Assistant max_completion_tokens not working as expected

OpenAI recently added the max_prompt_tokens and max_completion_tokens.

In my scenario, the assistant is supporting multiple clients such as Web, Mobile APP and SMS.

I tried to set the max_completion_tokens for SMS clients in order to reduce the message length to fit into the SMS standards when creating the thread run.

const threadRun = await this.openAI.beta.threads.runs.create(
        threadId,
        {
          assistant_id: assistantIdToUse,
          tools: [
            { type: 'file_search' }
          ],
          additional_instructions: additionalInstructions,
          max_completion_tokens: 300
        }
      );

What happened is that if the generated message exceeds the maximum completion tokens, it simply kills the thread run with an incomplete status (as stated on the Docs).

{
    "reason": "max_completion_tokens"
}

What I expected with this parameter is that it would set the model to generate a response within the max_completion_tokens size, but instead, it’s just checking if it was exceeded and killing the thread run.
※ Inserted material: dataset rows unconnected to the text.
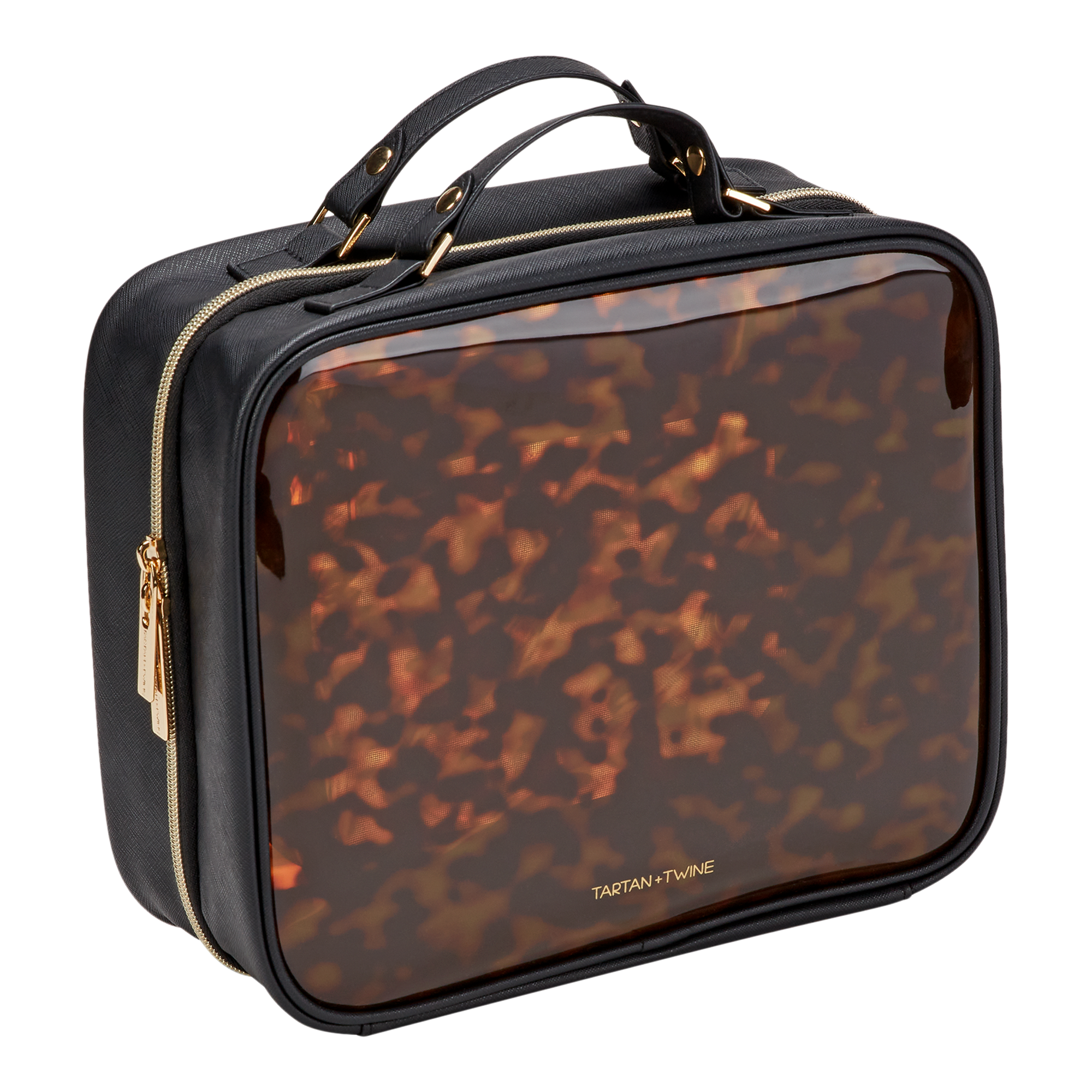 Jet-set in style with the Tartan + Twine Tortoise Deluxe Weekender, featuring tortoise PVC, gold-tone hardware, and compartments that keep you organized.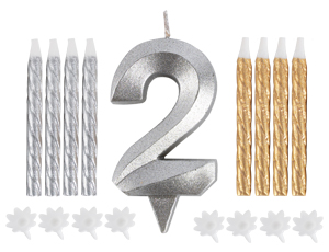 1502-6338 Свеча -цифра «2» Грань серебр+свечи 8шт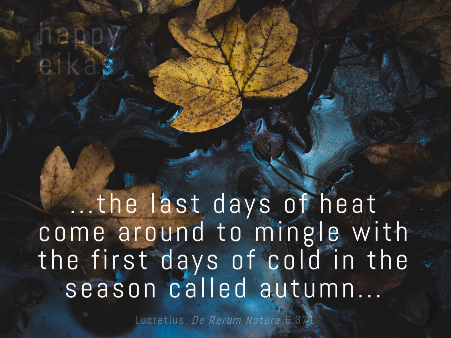 "And when the last days of heat come around to mingle with the first days of cold in the season called autumn, then too there is a conflict between summer and biting winter." (Lucretius, De Rerum Natura 7.371-372)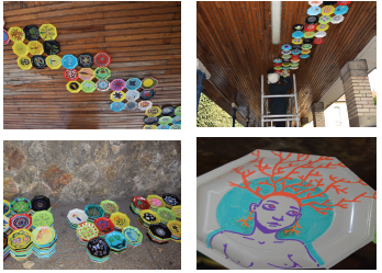 De nombreux ateliers d’ergothérapie et d’arthérapie des secteurs 94G11, 94G14, 94G10, 92G13, 94G13, 94G17, 94G15 en intra et extrahospitalier ainsi que l’atelier d’animation de la cafétéria ont réalisé, tout au long de l’année, un projet d’assiettes en plastique, décorées à la peinture ou aux feutres acryliques. Collées ensuite par panneaux de 9, elles ont été accrochées dès le jeudi 13 octobre au plafond des coursives qui longent la cour centrale de Paul Guiraud Villejuif. Ce projet s’inscrit dans un travail individuel pour venir ensuite faire « oeuvre collective » pour apporter un peu plus de couleurs à l’intérieur de notre établissement. Alors n’oublions pas de marcher la « tête en l’air », parfois ça vaut le détour !!!

Does anyone know if this is really the expected behavior?

The AI generally cannot “see” any of the parameters that you are using on the API. The AI can’t observe you set max_tokens to only 2, and then think “I’d better make those two tokens count!” (or even perceive what a token is).

So it is instructions to the AI that will shape the length of the output, either by assistant instructions, or the user’s command to produce something.

Restricting the context or completion tokens may have unexpected side effects, because the AI may be emitting language to internal tools that you never receive - and you’d never get a response back if then there isn’t enough budget left to respond to the user.

With assistants, it is a safety mechanism, a kill switch. Keep them from spending $10 on making a loop of repeated calls internally that only result in errors.

2 Likes

Yes. This is how max_completion_tokens supposed to work.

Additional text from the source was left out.